_Requirement_: Write out every line exactly, from the start of the records below to the line with "Splićani nam se", and stop there. Don't write out the pictures.

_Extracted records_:
== == ==

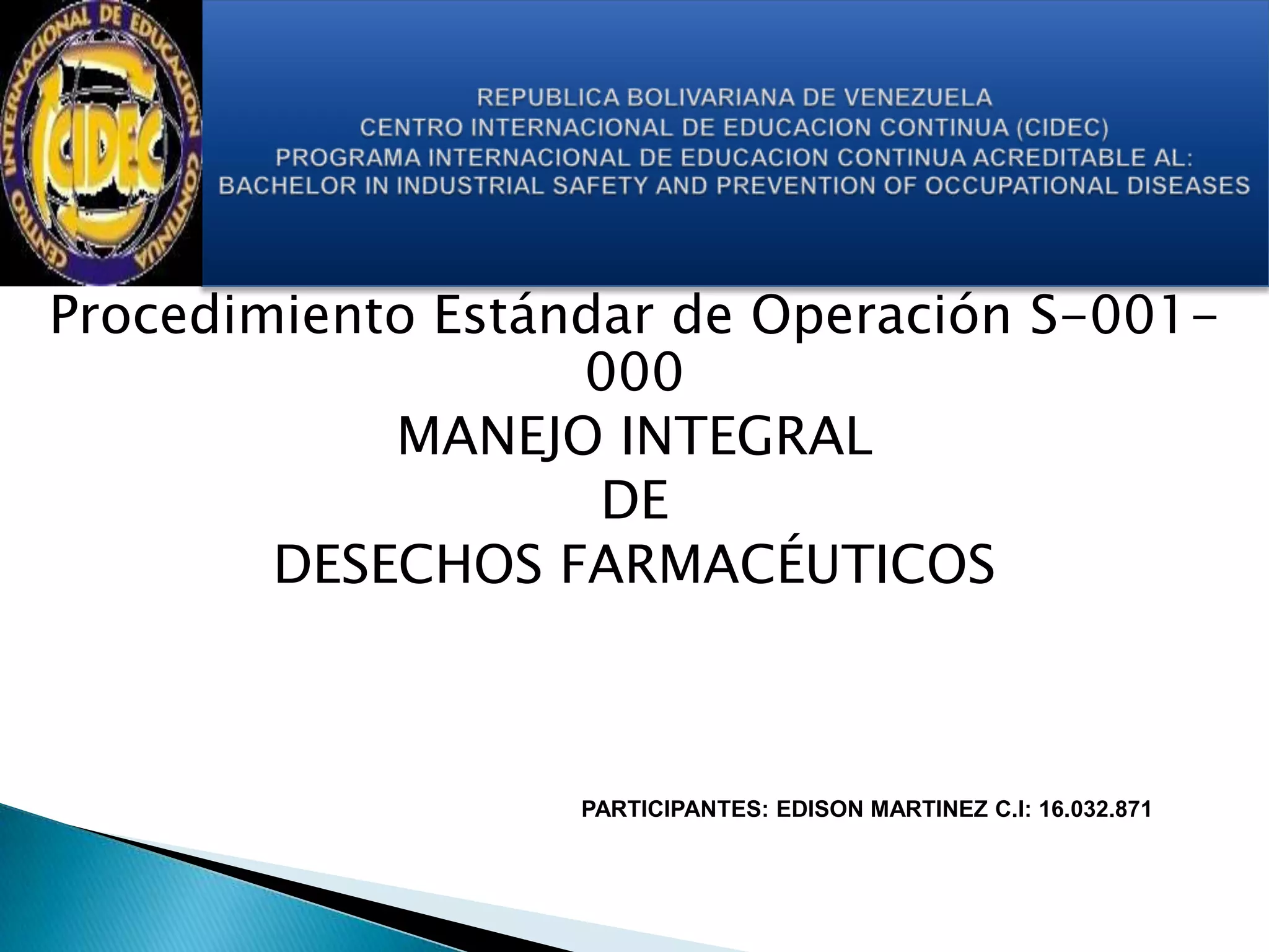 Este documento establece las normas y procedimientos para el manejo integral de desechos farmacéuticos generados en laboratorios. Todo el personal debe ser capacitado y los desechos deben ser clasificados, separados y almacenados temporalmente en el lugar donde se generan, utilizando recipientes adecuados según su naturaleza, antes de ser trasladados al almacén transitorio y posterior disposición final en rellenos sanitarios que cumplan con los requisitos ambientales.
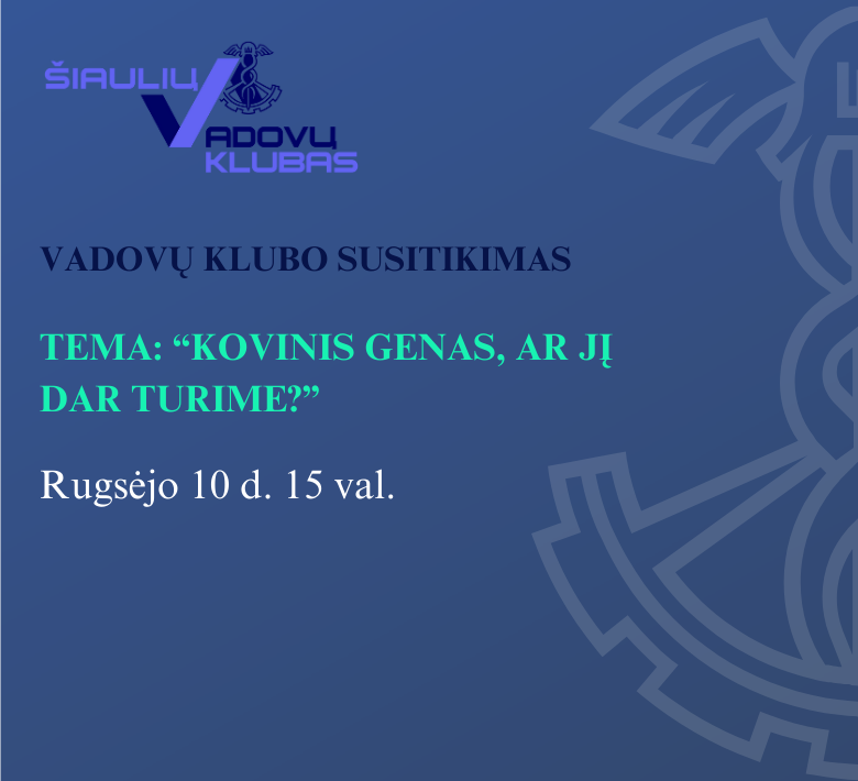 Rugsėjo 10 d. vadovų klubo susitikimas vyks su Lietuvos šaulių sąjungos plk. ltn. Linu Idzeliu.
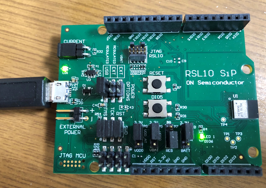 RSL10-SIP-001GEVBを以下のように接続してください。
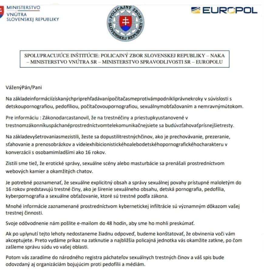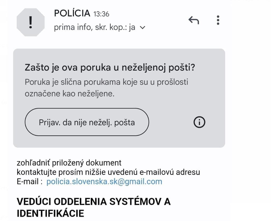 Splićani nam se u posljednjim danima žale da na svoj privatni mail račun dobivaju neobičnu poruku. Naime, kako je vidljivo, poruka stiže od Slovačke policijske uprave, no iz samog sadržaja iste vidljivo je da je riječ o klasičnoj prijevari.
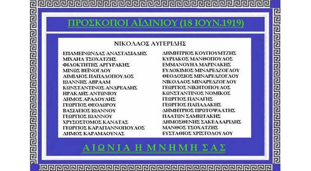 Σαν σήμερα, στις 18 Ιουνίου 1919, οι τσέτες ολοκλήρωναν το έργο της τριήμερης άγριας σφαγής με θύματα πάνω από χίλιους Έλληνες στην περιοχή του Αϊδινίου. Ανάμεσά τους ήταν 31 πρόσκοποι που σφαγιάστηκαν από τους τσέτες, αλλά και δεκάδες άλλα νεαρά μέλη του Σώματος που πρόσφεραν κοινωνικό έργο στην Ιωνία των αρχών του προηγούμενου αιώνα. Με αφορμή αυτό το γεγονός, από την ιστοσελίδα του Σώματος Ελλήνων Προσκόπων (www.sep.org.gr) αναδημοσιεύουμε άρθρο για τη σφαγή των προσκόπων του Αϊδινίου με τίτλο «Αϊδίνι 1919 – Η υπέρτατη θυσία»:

== == ==

_Solution to the problem_:
 Este documento establece las normas y procedimientos para el manejo integral de desechos farmacéuticos generados en laboratorios. Todo el personal debe ser capacitado y los desechos deben ser clasificados, separados y almacenados temporalmente en el lugar donde se generan, utilizando recipientes adecuados según su naturaleza, antes de ser trasladados al almacén transitorio y posterior disposición final en rellenos sanitarios que cumplan con los requisitos ambientales.
 Rugsėjo 10 d. vadovų klubo susitikimas vyks su Lietuvos šaulių sąjungos plk. ltn. Linu Idzeliu.
 RSL10-SIP-001GEVBを以下のように接続してください。
 Splićani nam se u posljednjim danima žale da na svoj privatni mail račun dobivaju neobičnu poruku. Naime, kako je vidljivo, poruka stiže od Slovačke policijske uprave, no iz samog sadržaja iste vidljivo je da je riječ o klasičnoj prijevari.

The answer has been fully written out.